COLLECTED DATA:
- - - -
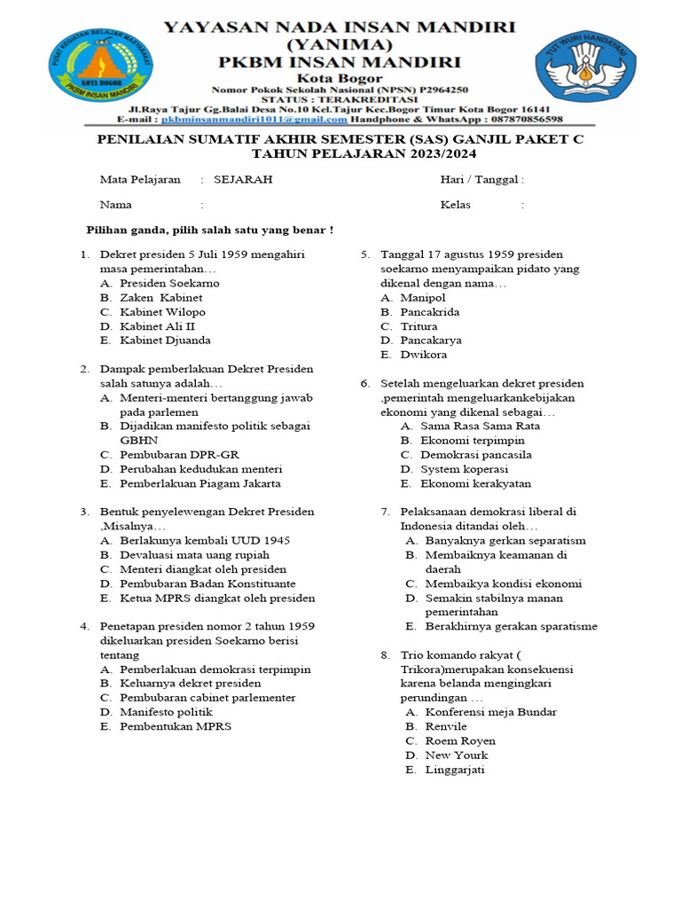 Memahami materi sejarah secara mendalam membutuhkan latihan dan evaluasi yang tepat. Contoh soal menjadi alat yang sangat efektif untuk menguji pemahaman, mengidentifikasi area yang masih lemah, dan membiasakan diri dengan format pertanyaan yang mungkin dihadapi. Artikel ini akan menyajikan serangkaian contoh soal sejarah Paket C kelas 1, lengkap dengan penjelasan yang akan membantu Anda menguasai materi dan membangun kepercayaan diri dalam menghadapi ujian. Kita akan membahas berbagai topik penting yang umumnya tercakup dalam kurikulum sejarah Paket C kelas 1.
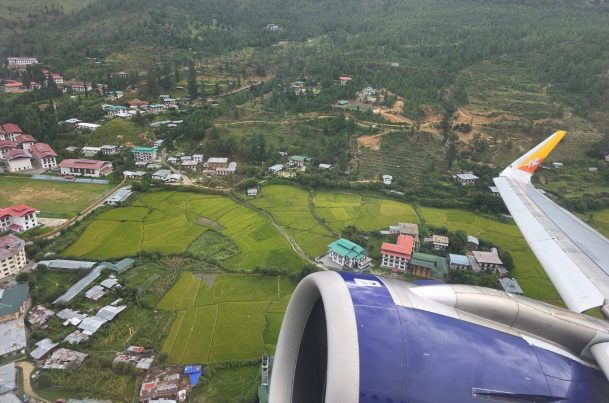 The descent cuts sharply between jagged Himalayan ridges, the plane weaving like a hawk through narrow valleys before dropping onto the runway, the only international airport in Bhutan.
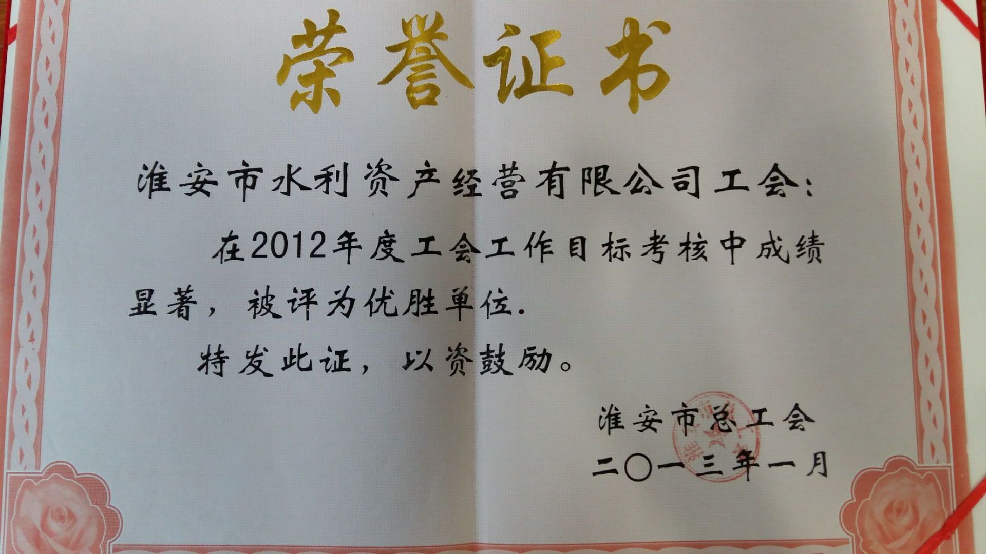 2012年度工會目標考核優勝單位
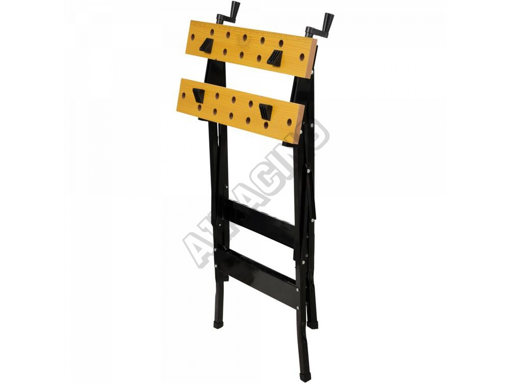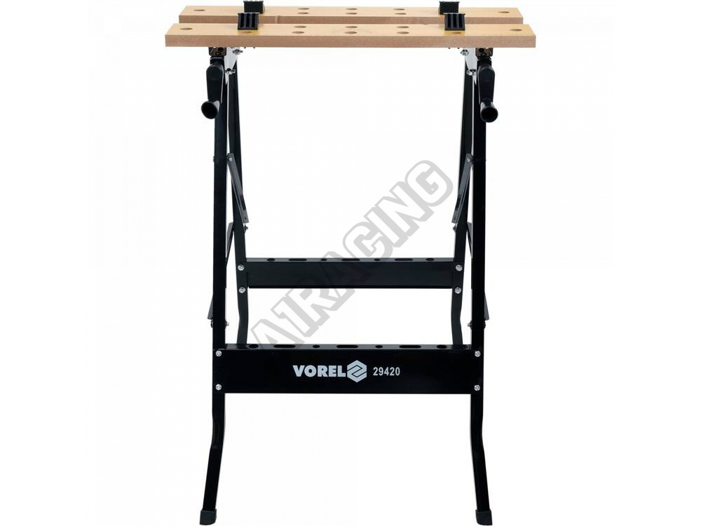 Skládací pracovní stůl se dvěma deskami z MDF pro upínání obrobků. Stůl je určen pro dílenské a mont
- - - -
The expected answer is the whole listing above, copied exactly, with images excluded.

 Memahami materi sejarah secara mendalam membutuhkan latihan dan evaluasi yang tepat. Contoh soal menjadi alat yang sangat efektif untuk menguji pemahaman, mengidentifikasi area yang masih lemah, dan membiasakan diri dengan format pertanyaan yang mungkin dihadapi. Artikel ini akan menyajikan serangkaian contoh soal sejarah Paket C kelas 1, lengkap dengan penjelasan yang akan membantu Anda menguasai materi dan membangun kepercayaan diri dalam menghadapi ujian. Kita akan membahas berbagai topik penting yang umumnya tercakup dalam kurikulum sejarah Paket C kelas 1.
 The descent cuts sharply between jagged Himalayan ridges, the plane weaving like a hawk through narrow valleys before dropping onto the runway, the only international airport in Bhutan.
 2012年度工會目標考核優勝單位
 Skládací pracovní stůl se dvěma deskami z MDF pro upínání obrobků. Stůl je určen pro dílenské a mont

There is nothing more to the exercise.